+++ Input data +++
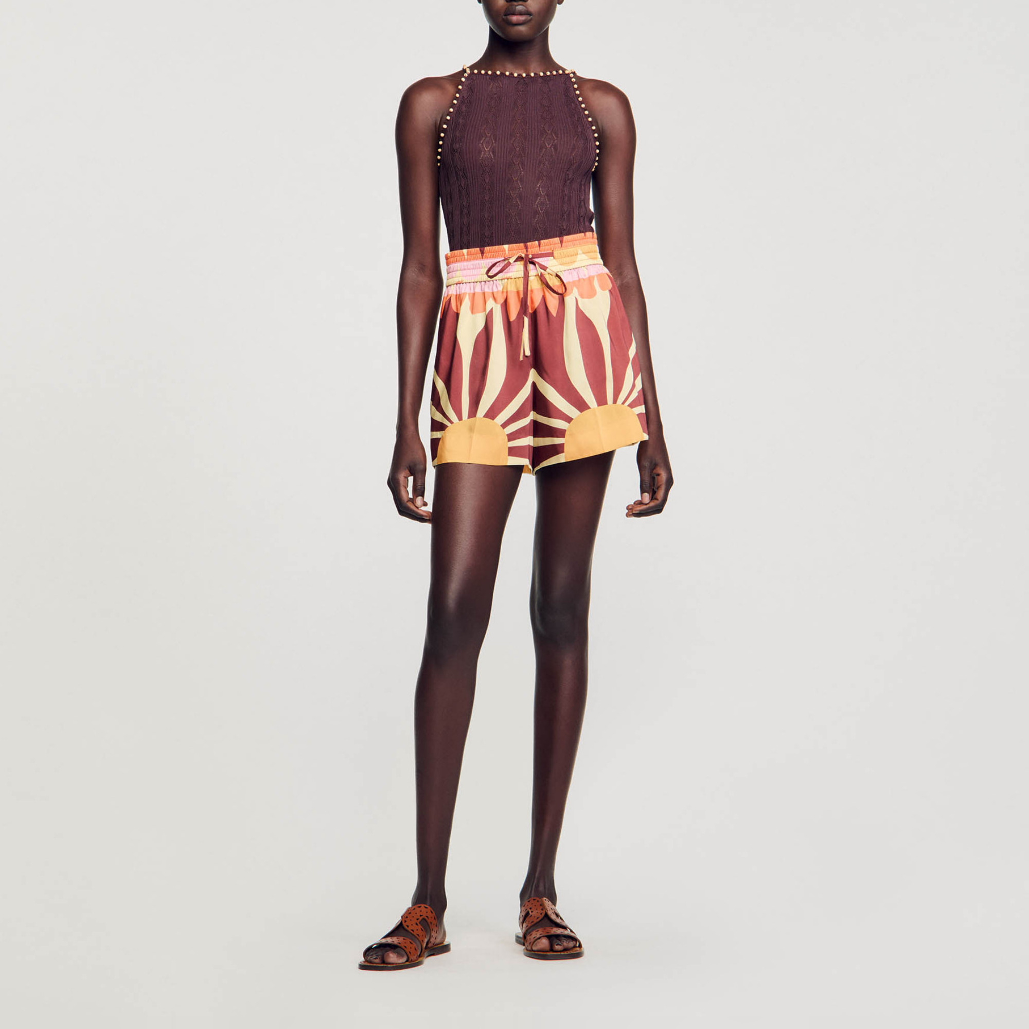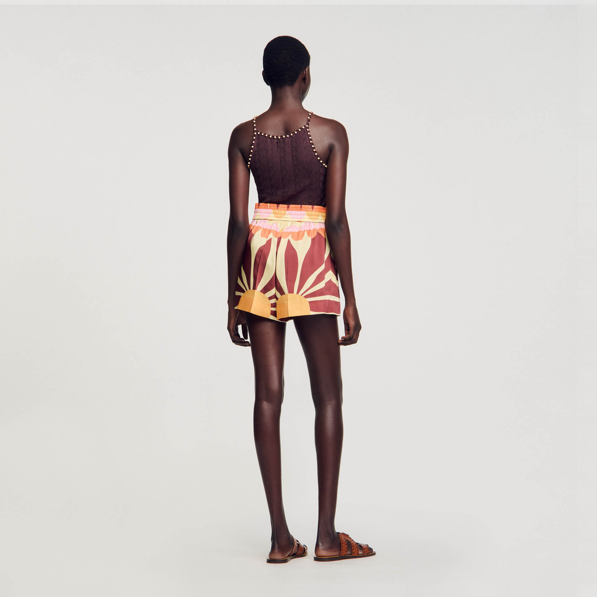 Sleeveless vest top in diamond-shaped pointelle knit, with spaghetti straps embellished with beads.
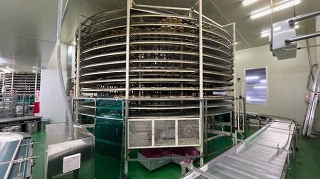 냉각 컨베이어 벨트는 높이가 3.5m 정도로, 설비 프레임이 계속 돌아가면서 갓 만들어진 뜨거운 빵을 식히는 작업을 합니다.
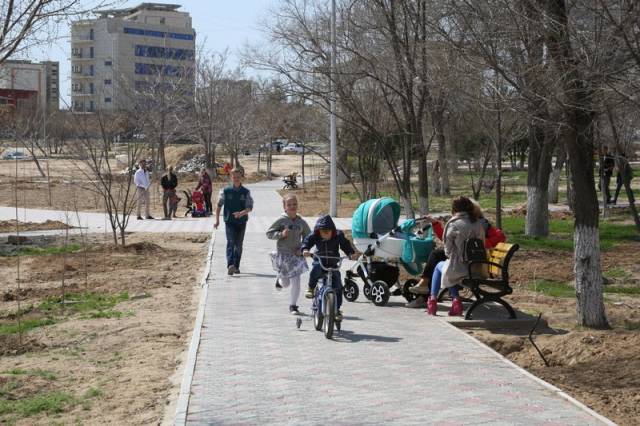 - В рамках благоустройства парка выполняются работы по устройству тротуаров и установке вдоль них опор освещения, высаживаются дополнительно деревья, организовывается система полива, построен общественный туалет, организованы дорожки для велосипедов, построены две автомобильные парковки, - рассказал Уркен Бисакаев.
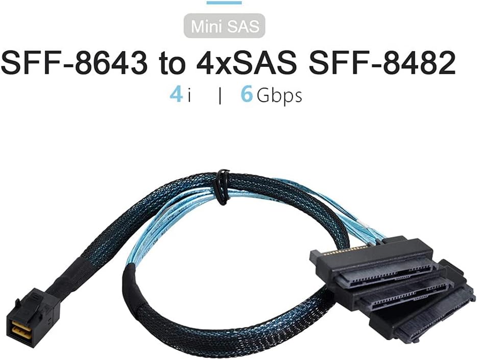 - Dieses SAS-Kabel ermöglicht den Anschluss von bis zu 4 SAS- oder SATA-Laufwerken an einen Mini SAS HD SFF-8643-Controller. Nicht geeignet für PCI-E SFF-8643 Controller.
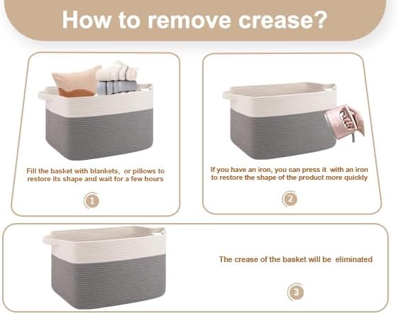 - Washable Woven Storage Basket: This rope baskets for storage can be washed by hand or machine with gentle detergent. If machine washed, please put them into a laundry bag. NOTE: These large basket for blankets are folded when shipping, but it will turn back to its elegant shape quickly if you fill it with some towels or clothing, and iron is great idea to remove the creases
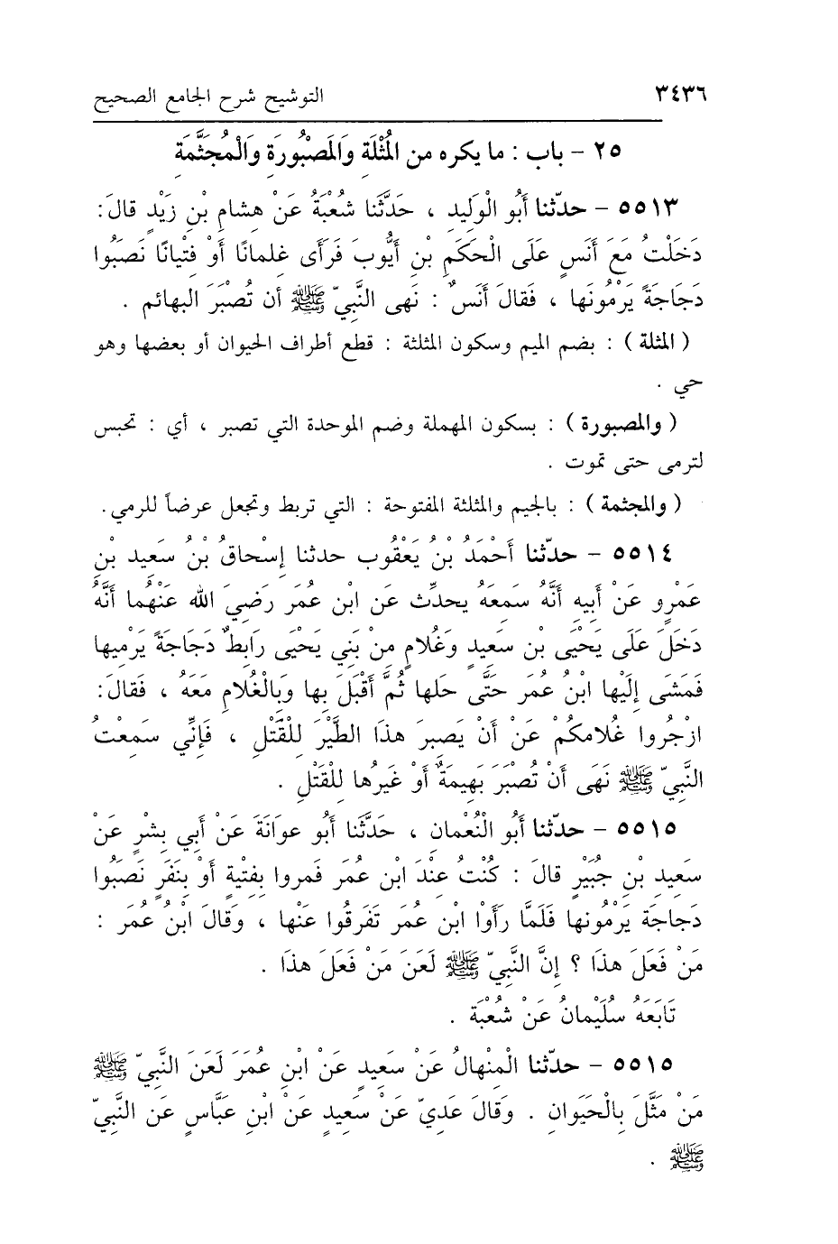 5515 - حَدَّثَنَا أَبُو النُّعْمَانِ، حَدَّثَنَا أَبُو عَوَانَةَ، عَنْ أَبِي بِشْرٍ، عَنْ سَعِيدِ بْنِ جُبَيْرٍ، قَالَ: كُنْتُ عِنْدَ ابْنِ عُمَرَ، فَمَرُّوا بِفِتْيَةٍ، أَوْ بِنَفَرٍ، نَصَبُوا دَجَاجَةً يَرْمُونَهَا، فَلَمَّا رَأَوْا ابْنَ عُمَرَ تَفَرَّقُوا عَنْهَا، وَقَالَ ابْنُ عُمَرَ: «مَنْ فَعَلَ هَذَا؟» إِنَّ النَّبِيَّ صَلَّى اللهُ عَلَيْهِ وَسَلَّمَ لَعَنَ مَنْ فَعَلَ هَذَا.
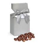 These Chocolate Covered Almonds are made with real cocoa. By combining the rich flavor of premium chocolate with toasted California almonds that are high in fiber and loaded with vitamin E, we’ve created a delicious healthy snack that you can enjoy without feeling guilty. Each box contains five-ounces. Silver gift boxes are foil-stamped with your logo in black and are complete with a silver bow. Complies with CPSIA, FDA, Prop 65. 6″ H x 3.5″ W x 2″ D
+++
[Exercise brief]
Write out each entry exactly, images excluded.

[Task solution]
 Sleeveless vest top in diamond-shaped pointelle knit, with spaghetti straps embellished with beads.
 냉각 컨베이어 벨트는 높이가 3.5m 정도로, 설비 프레임이 계속 돌아가면서 갓 만들어진 뜨거운 빵을 식히는 작업을 합니다.
 - В рамках благоустройства парка выполняются работы по устройству тротуаров и установке вдоль них опор освещения, высаживаются дополнительно деревья, организовывается система полива, построен общественный туалет, организованы дорожки для велосипедов, построены две автомобильные парковки, - рассказал Уркен Бисакаев.
 - Dieses SAS-Kabel ermöglicht den Anschluss von bis zu 4 SAS- oder SATA-Laufwerken an einen Mini SAS HD SFF-8643-Controller. Nicht geeignet für PCI-E SFF-8643 Controller.
 - Washable Woven Storage Basket: This rope baskets for storage can be washed by hand or machine with gentle detergent. If machine washed, please put them into a laundry bag. NOTE: These large basket for blankets are folded when shipping, but it will turn back to its elegant shape quickly if you fill it with some towels or clothing, and iron is great idea to remove the creases
 5515 - حَدَّثَنَا أَبُو النُّعْمَانِ، حَدَّثَنَا أَبُو عَوَانَةَ، عَنْ أَبِي بِشْرٍ، عَنْ سَعِيدِ بْنِ جُبَيْرٍ، قَالَ: كُنْتُ عِنْدَ ابْنِ عُمَرَ، فَمَرُّوا بِفِتْيَةٍ، أَوْ بِنَفَرٍ، نَصَبُوا دَجَاجَةً يَرْمُونَهَا، فَلَمَّا رَأَوْا ابْنَ عُمَرَ تَفَرَّقُوا عَنْهَا، وَقَالَ ابْنُ عُمَرَ: «مَنْ فَعَلَ هَذَا؟» إِنَّ النَّبِيَّ صَلَّى اللهُ عَلَيْهِ وَسَلَّمَ لَعَنَ مَنْ فَعَلَ هَذَا.
 These Chocolate Covered Almonds are made with real cocoa. By combining the rich flavor of premium chocolate with toasted California almonds that are high in fiber and loaded with vitamin E, we’ve created a delicious healthy snack that you can enjoy without feeling guilty. Each box contains five-ounces. Silver gift boxes are foil-stamped with your logo in black and are complete with a silver bow. Complies with CPSIA, FDA, Prop 65. 6″ H x 3.5″ W x 2″ D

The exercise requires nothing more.